1

When reading about docker, I found a part of the documentation describing the attack surface of the docker daemon. From what I was able to understand, part of the argument is that it is possible to share (basically arbitrary) parts of the host filesystem with the container, which can then be manipulated by a privileged user in the container.

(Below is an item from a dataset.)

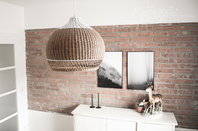 V ložnici jsem měla od začátku celkem jasnou představu, co by se mi k cihlové zdi líbilo. Chtěla jsem černé drátěné svítidlo s pěknou velkou žárovkou. Jenže zkuste to vysvětlovat doma, když naše kotelna ještě stále vypadá jako kůlnička na dříví a střecha by taky nutně potřebovala vyspravit. A dyť to přece svítí, tak co jako?! Nakonec jsem tedy sáhla po jiném řešení. Naši měli roky na půdě košatinu. Ze svého prvního bytu. V osmdesátkách jim zdobila právě ložnici. Pak už se nějak nehodila. Až nedávno ji objevila ségra. Chtěla ji dát k sobě domů nad postel (a uznávám, že k jejímu venkovskému stylu by byla docela přesná), ale nakonec se zamilovala do bílého Norma a byla to jasná volba. Až se nakonec stalo, že jsem se rozhodla dát tomu vyplétanému stínidlu šanci sama. Bylo ale prostě moc osmdesátkové. A tak jsem chvíli dumala a pak na něj naběhla se štětcem a balakrylem (jako vždy!)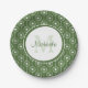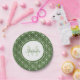 Stylish Green and White Hearts Monogram With Name Paper Plate

This seems to be used as an argument against granting unprivileged users direct access to the docker daemon (see also this Security SE answer).

Would the same be possible from a virtual machine, e.g. in VirtualBox, which on the host is run as an unprivileged user?

A quick test where I was trying to read /etc/sudoers on a Linux Host from a Linux guest running in VirtualBox did produce a permission error (using sudo cat /path/to/shared/etc/sudoers as well as with sudo su, followed by cat /path/to/shared/etc/sudoers), but I would not consider myself an expert in that regard in any way nor was the testing very exhaustive.

AlexV
  • 111
  • 4
  • I think most of the exploits would be memory/buffer overflows... but in VirtualBox you can turn on options to map to host directories, clipboard, etc... ultimately it's always best to run an application with the least amount of privileges possible... in case something gets outside the "sandbox". – pcalkins Aug 12 '20 at 22:20
  • @pcalkins I was not necessarily thinking about exploits, but more about a regular user trying to circumvent host system restrictions (such as file permissions) using an (intentionally?) misconfigured container or virtual machine environment. – AlexV Aug 13 '20 at 08:33

1 Answers1

2

It's perfectly possible, with virtualization systems, to expose the underlying host OS filesystem (assuming here we're talking about Hypervisors running on a general purpose OS and not a "bare metal" setup), how that's done depends on the hypervisor in question.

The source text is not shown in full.